Making it harder to reconstruct the sale of the notes is the possibility that investors sold them among themselves. Prosecutors say the evidence against Mr. Dreier is strong and includes recordings in which he admits that some of the notes he was selling were fabricated.

Days before Mr. Dreier’s arrest in New York, court documents showed, a lawyer with his firm asked Mr. Dreier to release $38 million from an escrow account for a client, only to discover that much of the money had vanished.

The next day, Dec. 2, Mr. Dreier flew to Canada and tried to hold a meeting there very much like the unauthorized gathering he is said to have held in Solow’s Midtown Manhattan offices, the authorities say.

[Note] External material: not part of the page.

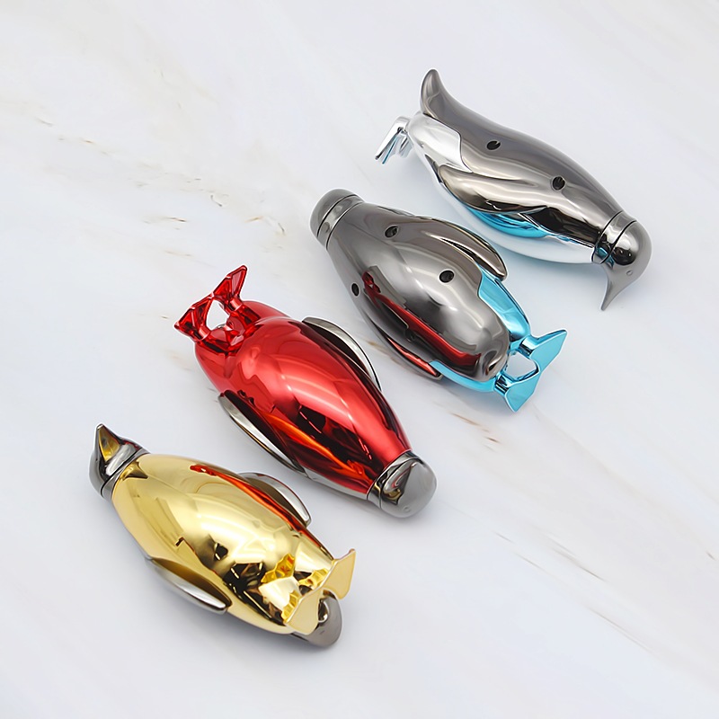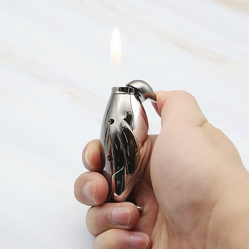 Creative pure metal dish-colored penguin model open flame lighter shape bright surface coating bottom inflatable lighter

In the offices of the Ontario Teachers’ Pension Plan, the authorities say, he tried to pass himself off as a lawyer for the plan and close the sale of an additional $33 million in fraudulent promissory notes supposedly backed by the plan.

A receptionist there caught on, the authorities said, and called the police, who arrested him.

Being jailed in Toronto did not curb Mr. Dreier’s interest in moving money, and he feverishly worked the phones, according to court papers.

At this point, the law firm’s comptroller refused his requests to move millions of dollars. He did agree, though, to Mr. Dreier’s request to be connected to the bank that handled the law firm’s accounts, an assistant United States attorney, Jonathan R. Streeter, said in a bail hearing on Thursday. “He successfully got $10 million transferred out of an escrow account into a personal account that he controlled,” Mr. Streeter said.

That money, like all the rest, remains unaccounted for.

-Jason Grant and Andrew Ross Sorkin contributed reporting.